Leupold offers this rangefinder both ways, in a standard LOS model and this specific, deluxe model with all the extra features. The difference in street price is only about fifty dollars. The MOA / Holdover / Milliradian features, though clever, are not particularly valuable to me. To you, they may be. That's why they call them choices.

 

I don't want any of this discussion, no matter how relevant, to detract from what this Leupold RX-1000i unit is. A superb palm-sized rangefinder, ruggedly built, excellent battery life, excellent optics, blazingly fast range acquisition, weatherproof, lightweight, with essentially silent operation.

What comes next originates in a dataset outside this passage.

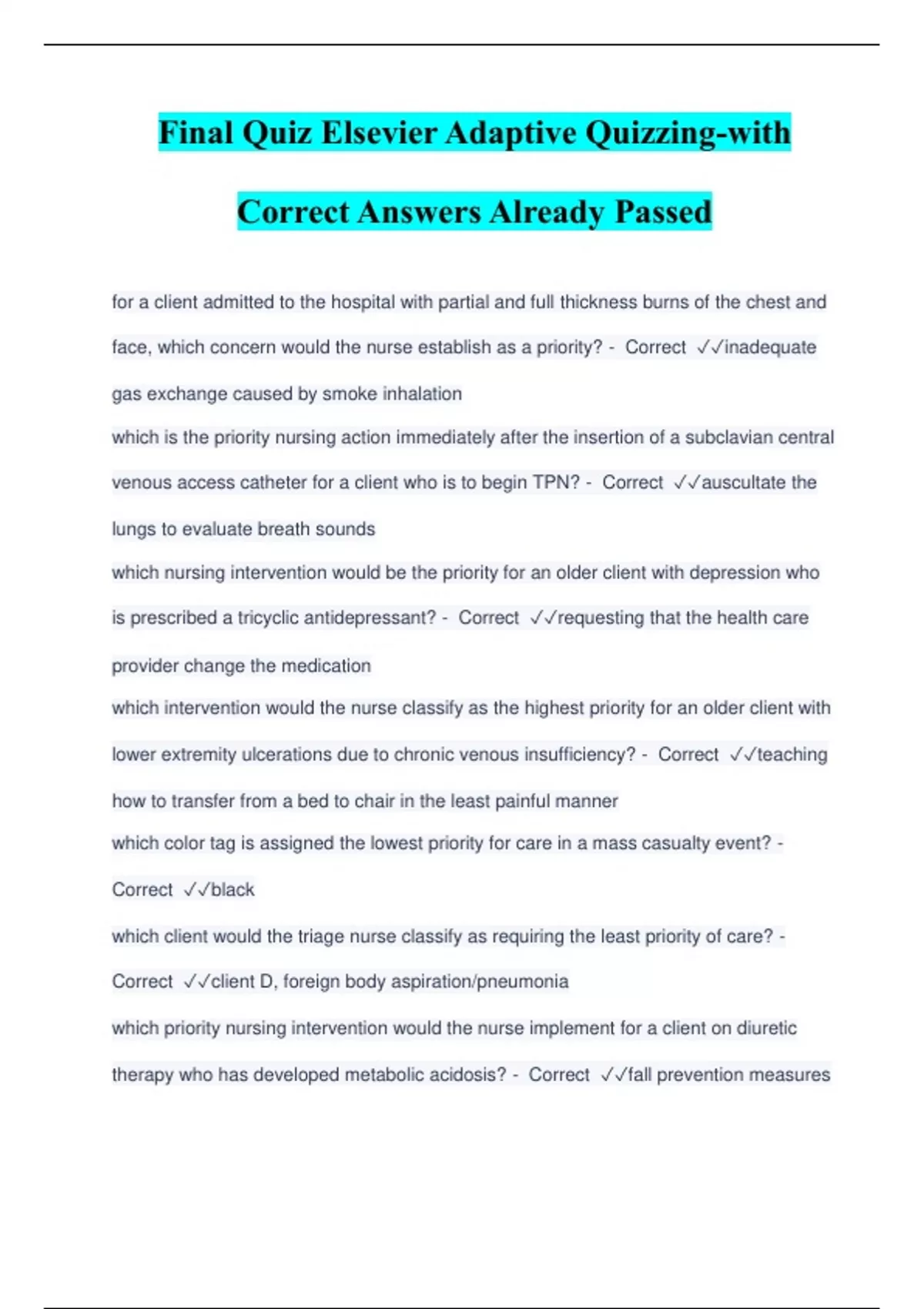 Final Quiz Elsevier Adaptive Quizzing-with Correct Answers Already Passed
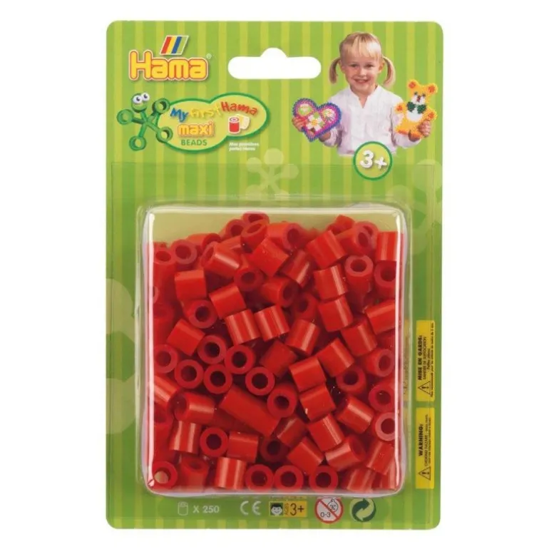 Sammen med andre flotte Hama perler og perlebrett kan det lages utallige mønster og figurer. denne pakken består av 250 Hama Maxi perler i en rød farge. Hama Maxi er perfekt for de små for å la dem bruke fantasien og kreativiteten sin ved å perle stilige figurer.

I think the personal laser rangefinder is the single most valuable hunting tool to appear during my lifetime. We've come a very long way from steps, paces, long and short range thinking. Most of the earlier laser units were characterized by dim optics, dark and slow liquid crystal displays, whirling and clicking sound effects, poor battery life and bulkiness. This Leupold exhibits none of these unfortunate qualities.

 

The RX-1000i is an outstandingly good product. There's nothing remotely close to it in its price range, which is something like $350 discount retail for the basic model and $400 for the TBR model. If you're in the market for your first rangefinder or an upgrade to the old gizmo-finders of a few years back, the Leupold RX1000i is easily the best in its class.